那时,尚且年少的林初宁并不能很好的理解爷爷的这一番话。
青春期的她会因为同学的疏远而感到不安,也怕自己不被其他人喜欢,她没有去做真正的自己的勇气,她以为长大一些就会更释然。
可到了现在,她好像还是没办法摘下脸上的面具。
林初宁缓缓地睁开眼,鸟鸣声仿佛响在头顶。
她是被叽叽喳喳的声音吵醒的,睡眼惺忪地爬起身,披在肩膀上的小毯子顺势落在地上,她恍惚地看向门外。
啊。
她缓慢地眨了几下眼睛,盯着从云层后浮出的朝阳。
天亮了。
小阚正站在店门外大声地朗读诗篇,他把平翘舌咬得很重,也融入了感情,尽可能地表现出清晰的抑扬顿挫。

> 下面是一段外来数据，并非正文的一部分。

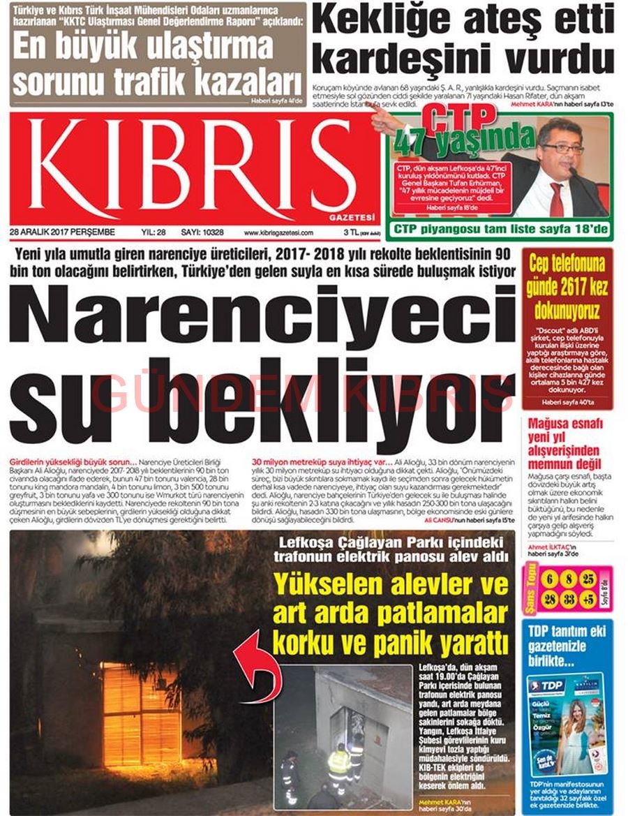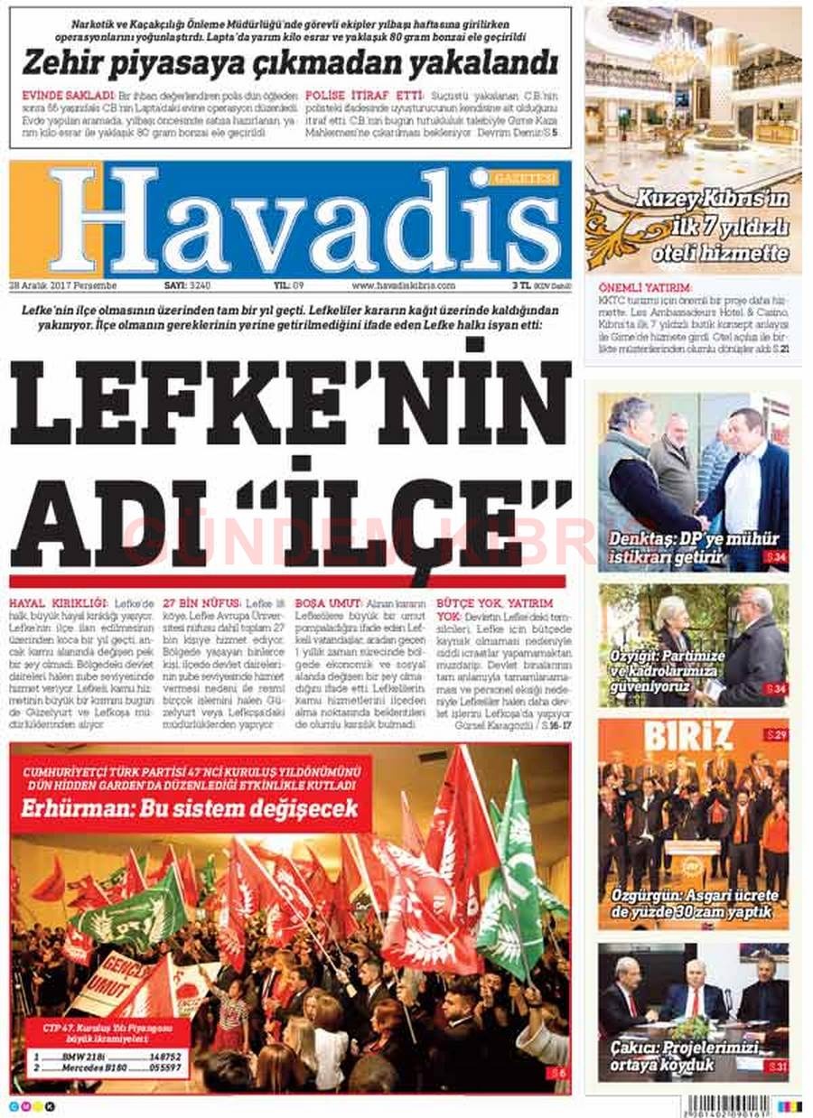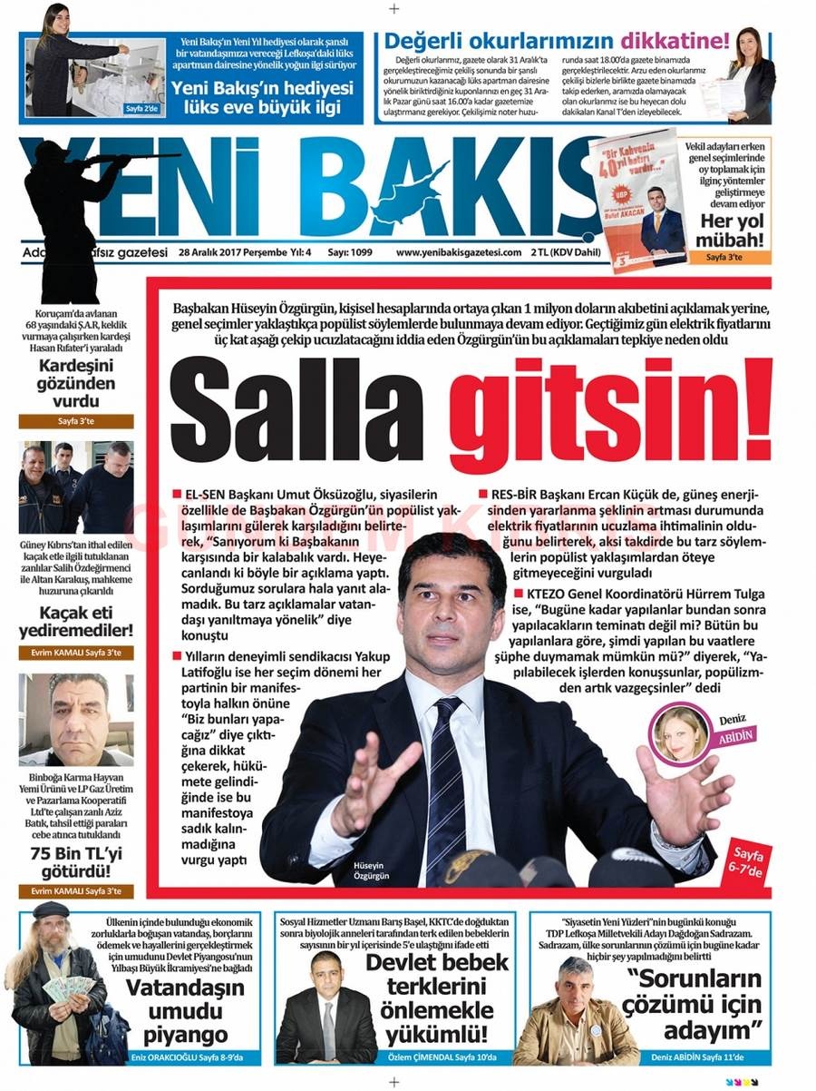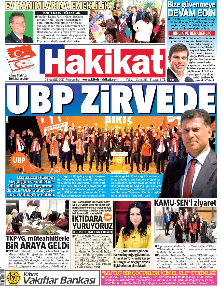 KKTC Gazete Manşetleri 28 Aralık 2017

林初宁揉着有些凌乱的头发走到门口,听着他读了好一会儿后,她才开口问道:“你要考普通话吗?”
小阚被自己以外的声音吓了一跳,手里的书本差点掉落。转头一看,有些不好意思地看着林初宁,“你醒的好早啊……我吵醒你的?”
林初宁一边打着哈欠伸懒腰,一边含糊不清地说:“不是你,我平时起床也早。”接着又绕回到原本的话题,“你还没说你这是在干嘛呢。”
“做功课啊。”小阚回答,“师父会安排每周课表,像我这种预备弟子完成每天的课程后要在群里打卡报告,会有负责的师兄来统计全勤表的。”
林初宁瞬间就醒了神,她没了困意,一脸震惊地问道:“这也太严格了吧?”
小阚却说,“哪有,想要唱好皮影戏,普通话和地方方都要得到师父的认可才行,不然无法同时满足各个地方的游客。而且师父是满族人嘛,他是唱满族皮影戏起家的,这个分支的唱腔方法和其他皮影戏不同,师父很在意七字句的唱腔处理,我每天早上念白30分钟,就是为了增强肺活量的。”
林初宁渐渐听进了心里,她觉得小阚说的这些很有道理,立刻上前来打量他手里的书本,“这个还有吗?能不能也借我一本?”
“是《金石缘》,大师兄上次下山时带给我的,也可以先借给你看。”小阚说,“戏班里经常会演这出戏,上了年岁的老人们喜欢看,我上个月帮忙布置场地时还在幕后帮着演了一匹马呢。”
林初宁有些尴尬的笑笑,心里忍不住吐槽:这都什么年代了,还搞这么严格的同门尊卑啊?又不是活在古时候……
可抱怨归抱怨,林初宁还是偷偷地观察着小阚的一日打卡流程,她都“偷学”似的记在了自己的手机备忘录里。
晨起念白,饭后抄写心得,午休时空腹练嗓,下午开始练习为皮影人上色,到了傍晚,对应角色梳理不同人物的情绪、心理变化和台词中的情感表述,再写出另一份心得,发进群里,完成一日打卡。